* _Problem details_:
A word-for-word copy of the entries, with images excluded, is the expected answer.

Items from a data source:
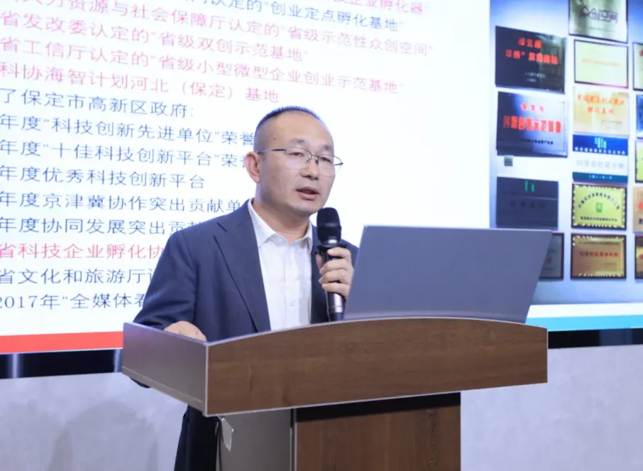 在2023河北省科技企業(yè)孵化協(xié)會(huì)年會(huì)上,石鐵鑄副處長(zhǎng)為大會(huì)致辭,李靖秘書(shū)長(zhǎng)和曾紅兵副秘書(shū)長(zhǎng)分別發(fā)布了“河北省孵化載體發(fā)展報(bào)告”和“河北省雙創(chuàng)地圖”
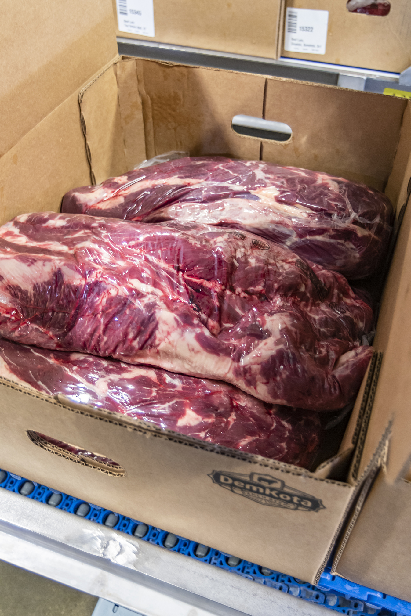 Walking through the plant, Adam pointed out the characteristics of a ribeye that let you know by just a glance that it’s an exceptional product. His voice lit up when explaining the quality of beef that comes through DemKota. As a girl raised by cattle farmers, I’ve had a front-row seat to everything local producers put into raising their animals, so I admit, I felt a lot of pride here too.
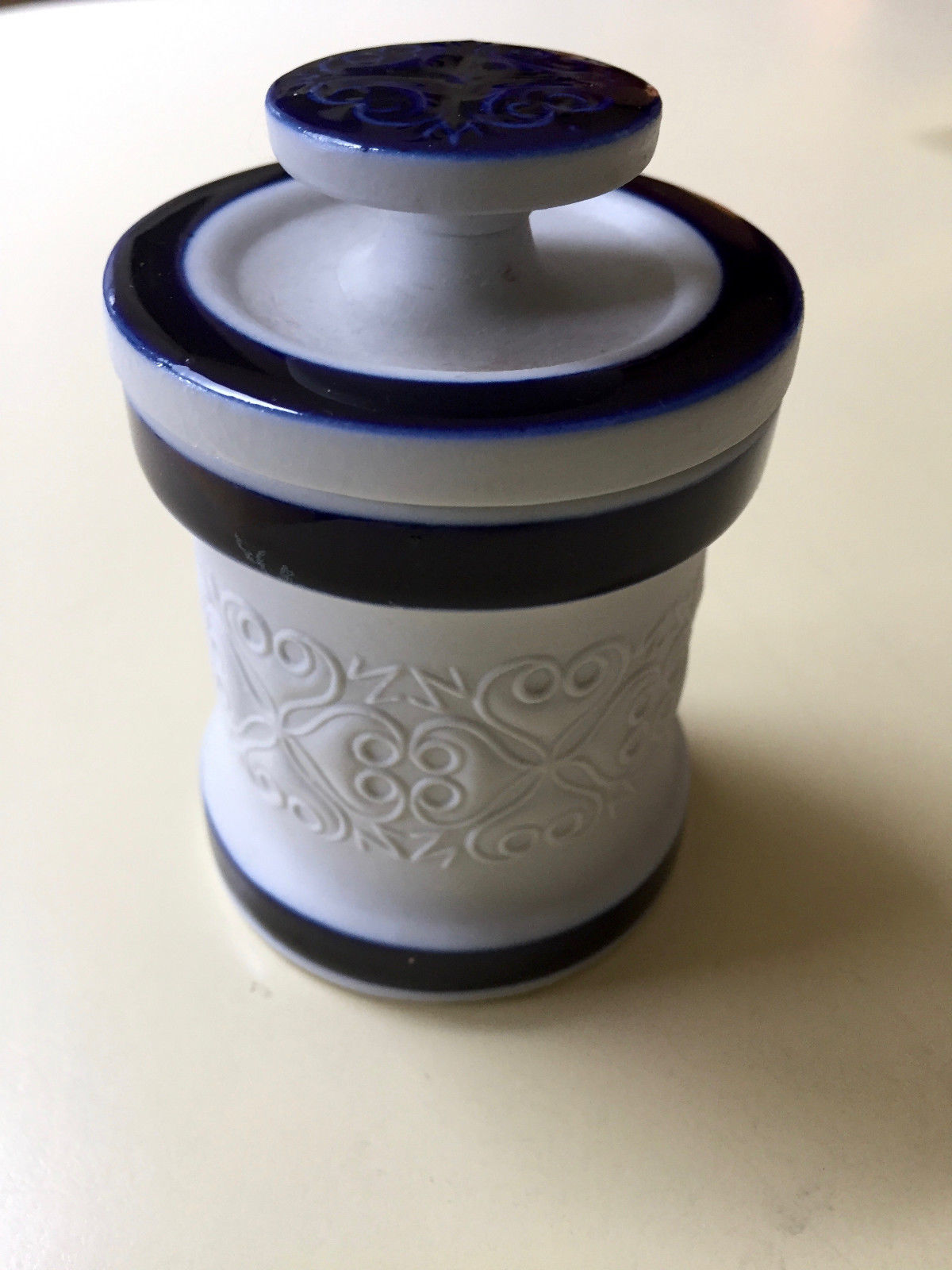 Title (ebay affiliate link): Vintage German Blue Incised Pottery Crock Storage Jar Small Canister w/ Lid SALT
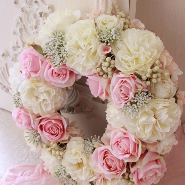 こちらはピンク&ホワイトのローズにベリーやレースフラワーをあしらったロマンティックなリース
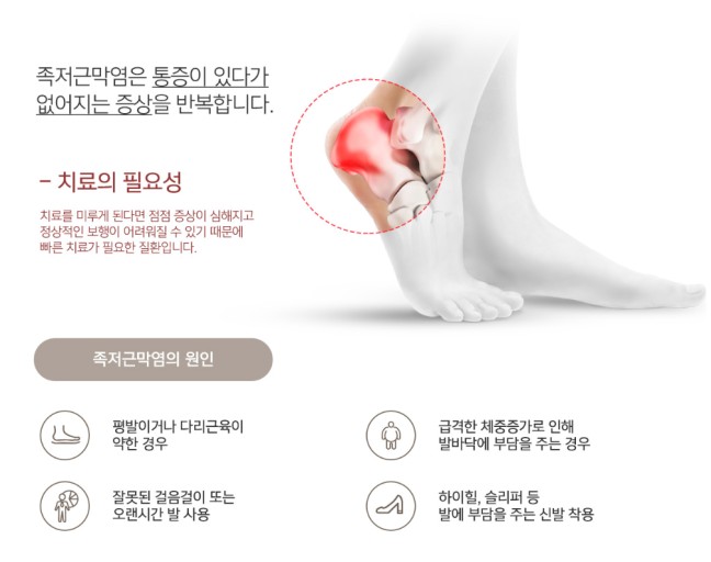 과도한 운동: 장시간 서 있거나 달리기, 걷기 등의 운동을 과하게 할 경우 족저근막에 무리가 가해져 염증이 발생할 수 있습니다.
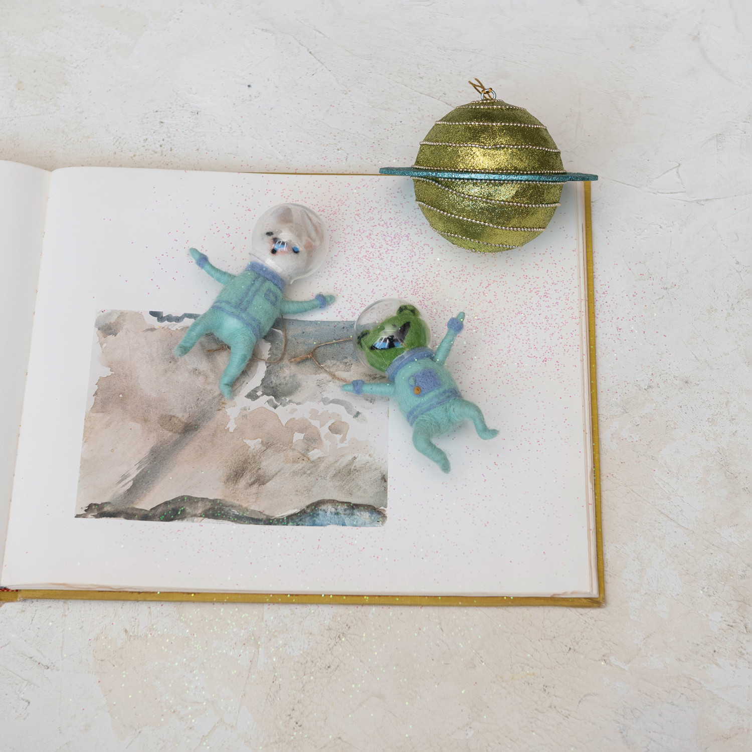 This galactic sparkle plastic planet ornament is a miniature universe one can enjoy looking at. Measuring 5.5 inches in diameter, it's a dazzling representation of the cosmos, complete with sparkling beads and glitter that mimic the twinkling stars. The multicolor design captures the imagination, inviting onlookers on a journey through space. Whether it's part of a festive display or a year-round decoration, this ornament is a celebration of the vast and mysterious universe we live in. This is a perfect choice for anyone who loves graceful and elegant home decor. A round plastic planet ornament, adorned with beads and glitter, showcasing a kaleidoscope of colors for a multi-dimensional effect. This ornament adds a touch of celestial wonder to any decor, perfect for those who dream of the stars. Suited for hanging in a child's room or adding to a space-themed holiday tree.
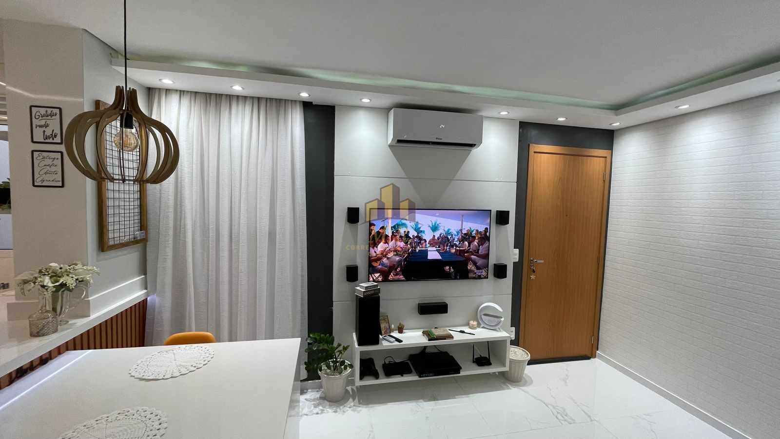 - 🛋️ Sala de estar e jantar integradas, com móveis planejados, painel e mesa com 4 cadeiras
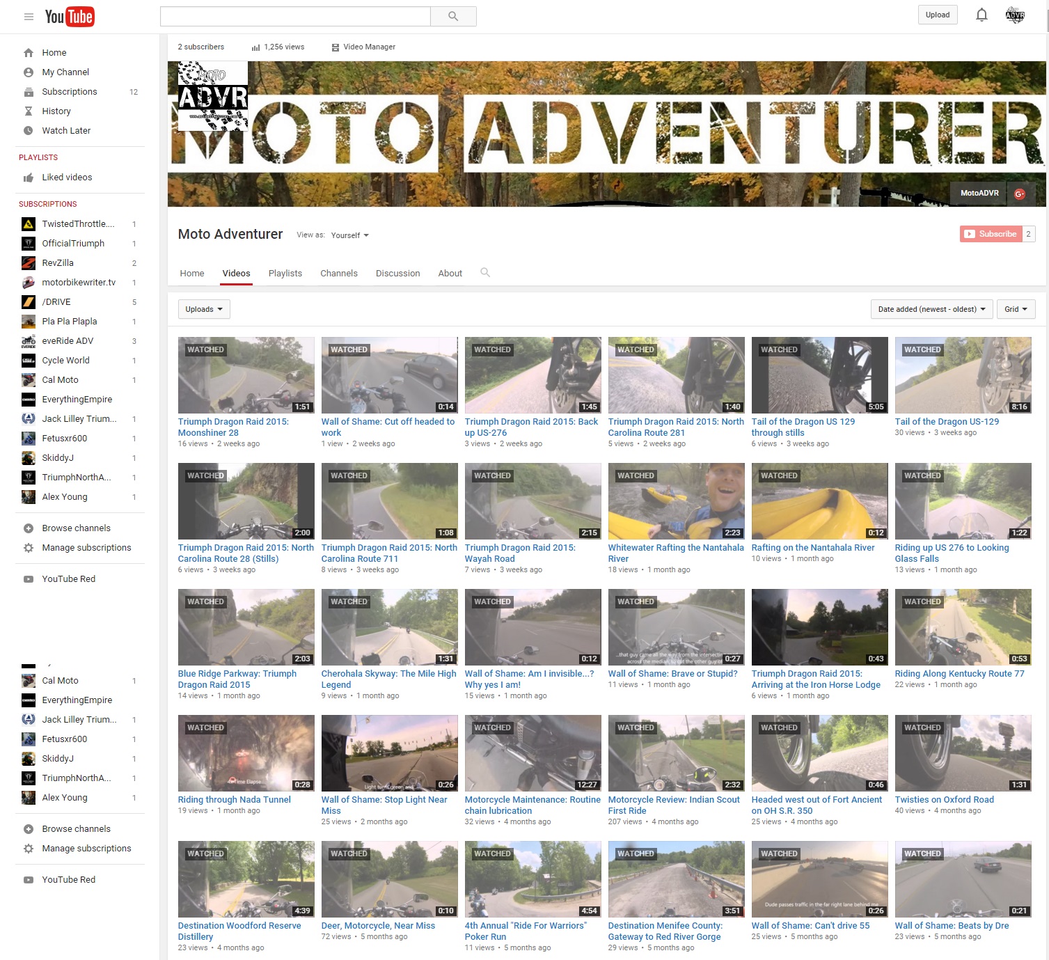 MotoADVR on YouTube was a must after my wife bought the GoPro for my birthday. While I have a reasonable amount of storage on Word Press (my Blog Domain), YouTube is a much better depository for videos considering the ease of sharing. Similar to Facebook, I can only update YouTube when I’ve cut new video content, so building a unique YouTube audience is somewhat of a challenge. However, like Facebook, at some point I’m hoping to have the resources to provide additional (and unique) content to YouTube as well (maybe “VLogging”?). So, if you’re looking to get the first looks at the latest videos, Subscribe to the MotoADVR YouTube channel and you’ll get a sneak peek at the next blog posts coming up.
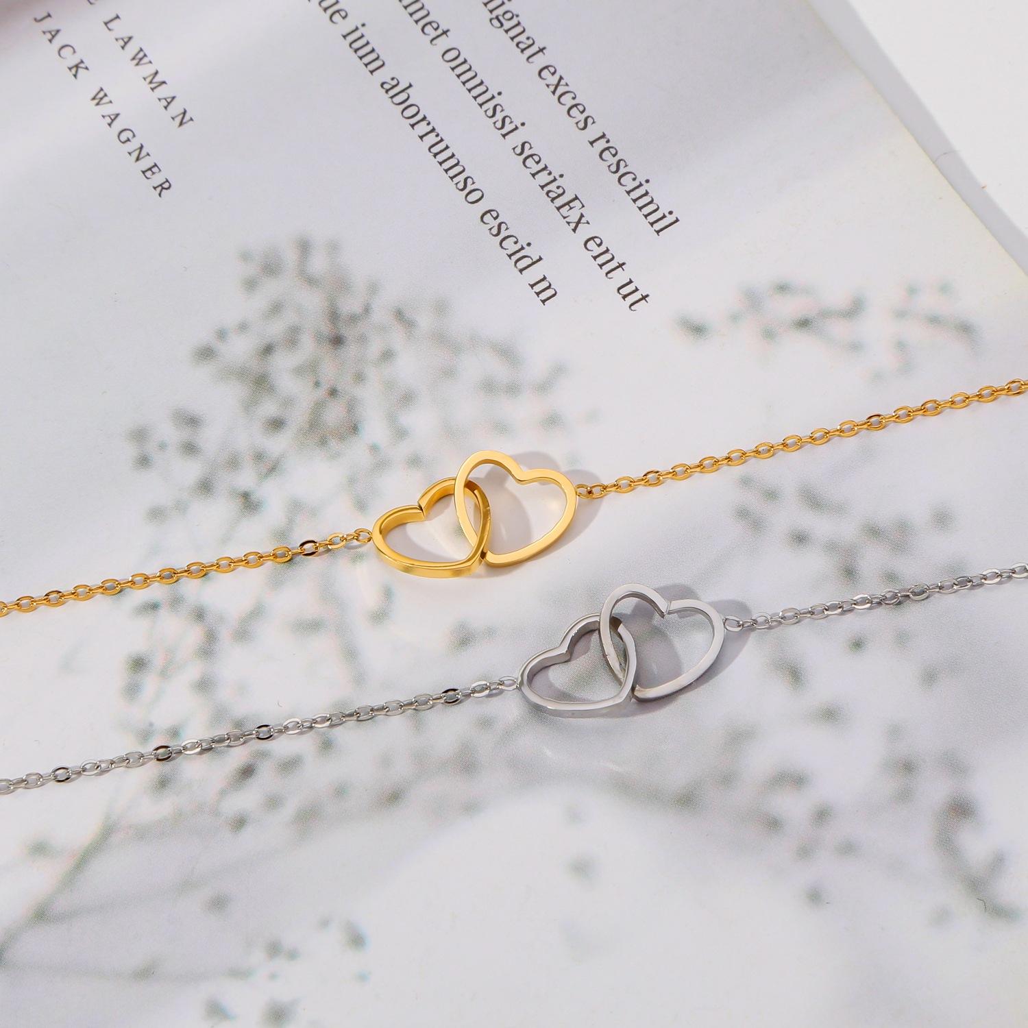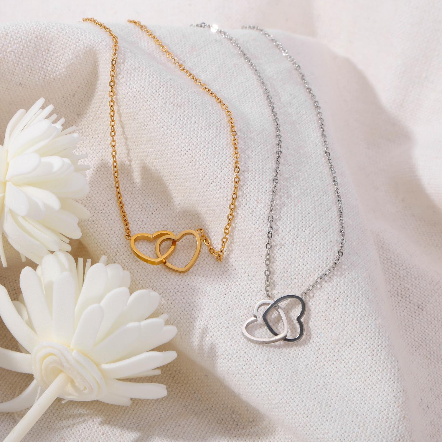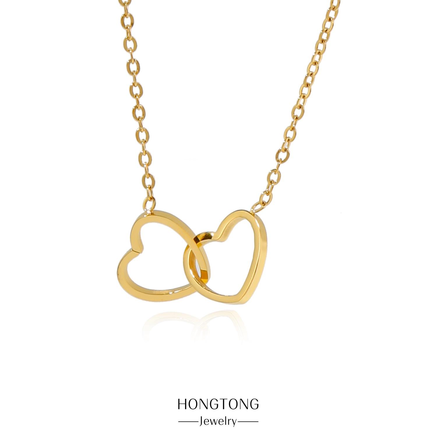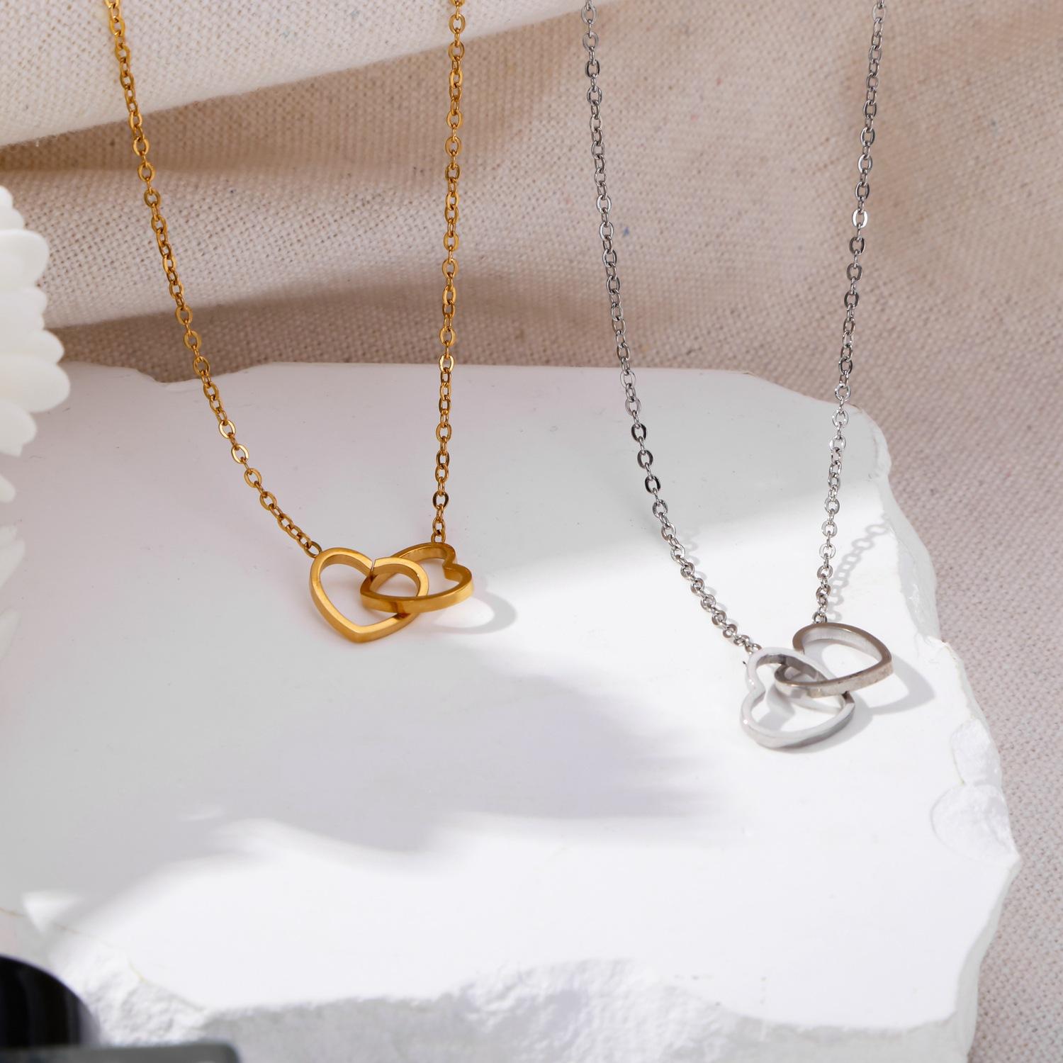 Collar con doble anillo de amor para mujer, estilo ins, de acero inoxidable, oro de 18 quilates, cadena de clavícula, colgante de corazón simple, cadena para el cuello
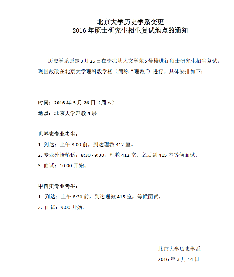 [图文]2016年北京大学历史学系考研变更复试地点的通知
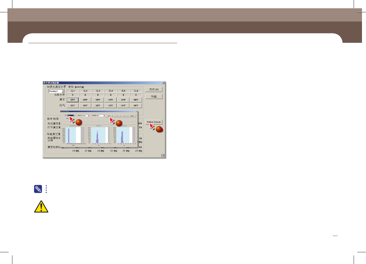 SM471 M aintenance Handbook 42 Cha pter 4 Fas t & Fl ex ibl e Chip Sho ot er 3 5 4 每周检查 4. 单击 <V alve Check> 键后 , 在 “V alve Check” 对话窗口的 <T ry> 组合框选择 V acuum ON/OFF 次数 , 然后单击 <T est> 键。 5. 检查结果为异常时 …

* _Response below_:
 在2023河北省科技企業(yè)孵化協(xié)會(huì)年會(huì)上,石鐵鑄副處長(zhǎng)為大會(huì)致辭,李靖秘書(shū)長(zhǎng)和曾紅兵副秘書(shū)長(zhǎng)分別發(fā)布了“河北省孵化載體發(fā)展報(bào)告”和“河北省雙創(chuàng)地圖”
 Walking through the plant, Adam pointed out the characteristics of a ribeye that let you know by just a glance that it’s an exceptional product. His voice lit up when explaining the quality of beef that comes through DemKota. As a girl raised by cattle farmers, I’ve had a front-row seat to everything local producers put into raising their animals, so I admit, I felt a lot of pride here too.
 Title (ebay affiliate link): Vintage German Blue Incised Pottery Crock Storage Jar Small Canister w/ Lid SALT
 こちらはピンク&ホワイトのローズにベリーやレースフラワーをあしらったロマンティックなリース
 과도한 운동: 장시간 서 있거나 달리기, 걷기 등의 운동을 과하게 할 경우 족저근막에 무리가 가해져 염증이 발생할 수 있습니다.
 This galactic sparkle plastic planet ornament is a miniature universe one can enjoy looking at. Measuring 5.5 inches in diameter, it's a dazzling representation of the cosmos, complete with sparkling beads and glitter that mimic the twinkling stars. The multicolor design captures the imagination, inviting onlookers on a journey through space. Whether it's part of a festive display or a year-round decoration, this ornament is a celebration of the vast and mysterious universe we live in. This is a perfect choice for anyone who loves graceful and elegant home decor. A round plastic planet ornament, adorned with beads and glitter, showcasing a kaleidoscope of colors for a multi-dimensional effect. This ornament adds a touch of celestial wonder to any decor, perfect for those who dream of the stars. Suited for hanging in a child's room or adding to a space-themed holiday tree.
 - 🛋️ Sala de estar e jantar integradas, com móveis planejados, painel e mesa com 4 cadeiras
 MotoADVR on YouTube was a must after my wife bought the GoPro for my birthday. While I have a reasonable amount of storage on Word Press (my Blog Domain), YouTube is a much better depository for videos considering the ease of sharing. Similar to Facebook, I can only update YouTube when I’ve cut new video content, so building a unique YouTube audience is somewhat of a challenge. However, like Facebook, at some point I’m hoping to have the resources to provide additional (and unique) content to YouTube as well (maybe “VLogging”?). So, if you’re looking to get the first looks at the latest videos, Subscribe to the MotoADVR YouTube channel and you’ll get a sneak peek at the next blog posts coming up.
 Collar con doble anillo de amor para mujer, estilo ins, de acero inoxidable, oro de 18 quilates, cadena de clavícula, colgante de corazón simple, cadena para el cuello
 [图文]2016年北京大学历史学系考研变更复试地点的通知
 SM471 M aintenance Handbook 42 Cha pter 4 Fas t & Fl ex ibl e Chip Sho ot er 3 5 4 每周检查 4. 单击 <V alve Check> 键后 , 在 “V alve Check” 对话窗口的 <T ry> 组合框选择 V acuum ON/OFF 次数 , 然后单击 <T est> 键。 5. 检查结果为异常时 …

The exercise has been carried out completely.